Geekscape Movie Review: Just Go With It
On Valentine’s Day weekend, 1998 Adam Sandler made his Rom-Com debut with the Wedding Singer costarring Drew Barrymore. Valentine’s Day weekend 2004, Sandler re-teamed with Barrymore in 50 First Dates, a love story about an amnesiac and a perpetual womanizer afraid of commitment finding each other against the back drop of Hawaii. Fast forward another 7 years and this Valentine’s weekend we have Just Go With It, another Adam Sandler romantic comedy releasing about a commitment-phobe finding the one, set against the backdrop of Hawaii. I think I’m starting to see a pattern.
This time out Sandler plays Danny, a 40 something plastic surgeon afraid of commitment and using the guise of a fake bad marriage to lure unsuspecting coeds into bed with him. The only woman he maintains an honest relationship with is his assistant Katherine, played by Jennifer Aniston. One evening Sandler’s doc manages to catch the attention of a girl named Palmer, Brooklyn Decker who’s both charming and incredibly hot in her film debut,and manages to hit it off without the use of a fake wedding ring.
The next morning when Palmer does find the ring, she believes she’s slept with a married man.

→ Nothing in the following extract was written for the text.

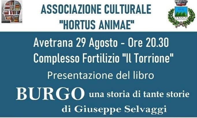 Martedì 29 agosto avrà luogo la presentazione del libro “Burgo. Una storia di tante storie” di Giuseppe Selvaggi.

Instead of coming clean, like a normal person, Dan decides the best way to get out of the situation and keep the girl he genuinely likes, is to tell her he is in the midst of a divorce that is almost finalized. This plan actually starts to go well until Palmer decides she wants to meet the soon to be ex to make sure that it is indeed okay for her to be dating Danny. Aniston’s Katy is roped into filling in as the soon to be ex and hilarity ensues. No I’m serious. For once hilarity actually ensues.
Through a series of random misunderstandings, Katherine’s kids are revealed to Palmer who now believes Danny to be a daddy. This all somehow leads to them going on a group vacation to Hawaii, where the rest of the movie takes place.
The movie is surprisingly funny. I haven’t seen Sandler this on his game since 50 First Dates. That’s probably because he’s playing essentially the same character from 50 First Dates, but I’ll give him some credit, it’s a role he does well. I was considerably shocked as to how hard I was laughing.
That said, it’s funny in spite of some big flaws.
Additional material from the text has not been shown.